The question is: What should Georgia do about it?
Giovan Bazan, now 21, said he almost died at 16 when a combination of medications caused him to convulse and vomit. A sedative made it difficult for him to sit up in bed, Bazan said, and he would have suffocated if the staff at his group home hadn’t recognized the danger and come to his aid.
Bazan told the state House Health and Human Services Committee that foster parents had used more medications and stronger doses to control his behavior.

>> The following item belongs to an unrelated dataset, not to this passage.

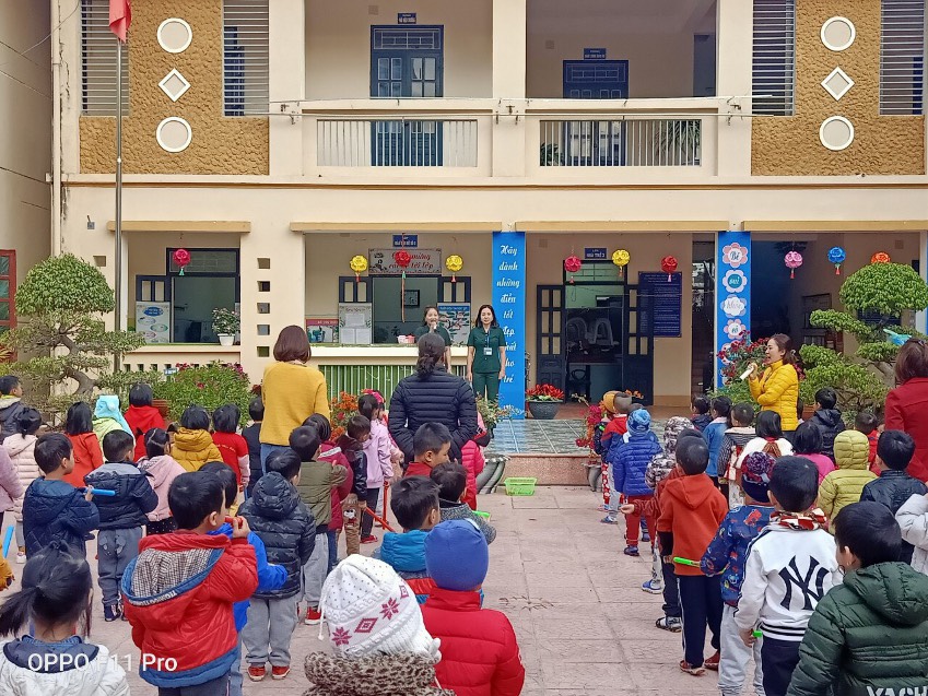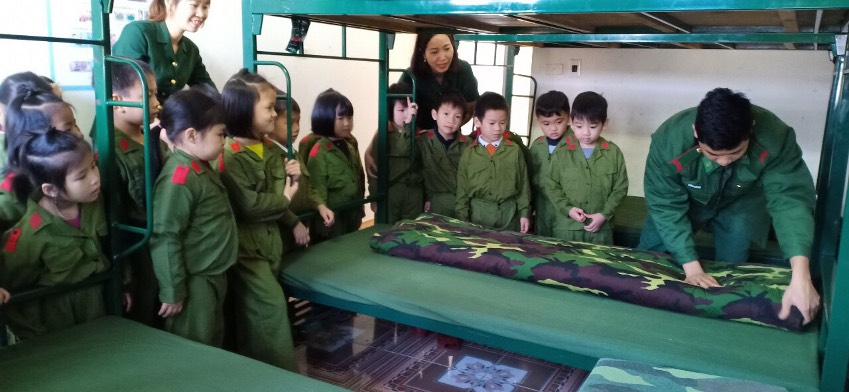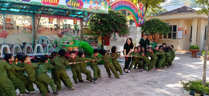 Nhà trường đã hưởng ứng đẩy mạnh các phong trào thi đua, đặc biệt là phong trào thi đua “Dạy tốt - Học tốt” các tiết dạy được đầu tư về nội dung và hình thức, cũng như về phương pháp chuyên môn. Đặc biệt giáo viên tổ chức tuyên truyền tốt tới trẻ về ngày lễ trọng đại này qua các hoạt động phong trào như: Thể dục sáng, sinh hoạt tập thể, những giờ học trên lớp….Tích cực trao đổi với phụ huynh về nội dung chương trình giáo dục mầm non, làm nổi bật chủ đề của tháng của tuần (Ngày hội của các chú bộ đội)…..

He said juvenile justice officials also warned that they would not end his probation unless he kept taking his medication.
“Obviously as a youth we have a bit of rebellious spirit,” he said, “but that doesn’t mean that we are mentally ill.”
Mason McFalls, 24, said nearly every child he met in 14 years in foster care was taking psychotropic medications.
“I’ve seen kids literally shaking from being so wound up on the medication,” McFalls said.
Frequently, foster children are treated by a different doctor every time they’re moved to a new foster home, authorities say. Those doctors generally do not have access to a child’s medical history, so they may diagnose different disorders and prescribe different drugs and treatment.”
Well, at least, they don’t have to come up with strategies to get prescriptions, like the upper-class kids.
So where am I going with all this? Simply with the fact that how we define, diagnose, treat (or not treat) mental illness involve a whole bunch of variable such as masculine (in the case of the military) or competitive subcultures, organizational and institutional structures, the structure of professional organizations competing for power and various forms of capital, as well as the social status of affected populations and general socio-economic conditions. And all these variables, put together also point to the fact that labeling of conditions or behavior as “mentally ill” they either leave people to fend for themselves when the source of their mental health problems is unavoidably social, or hides the social nature of mental disorders.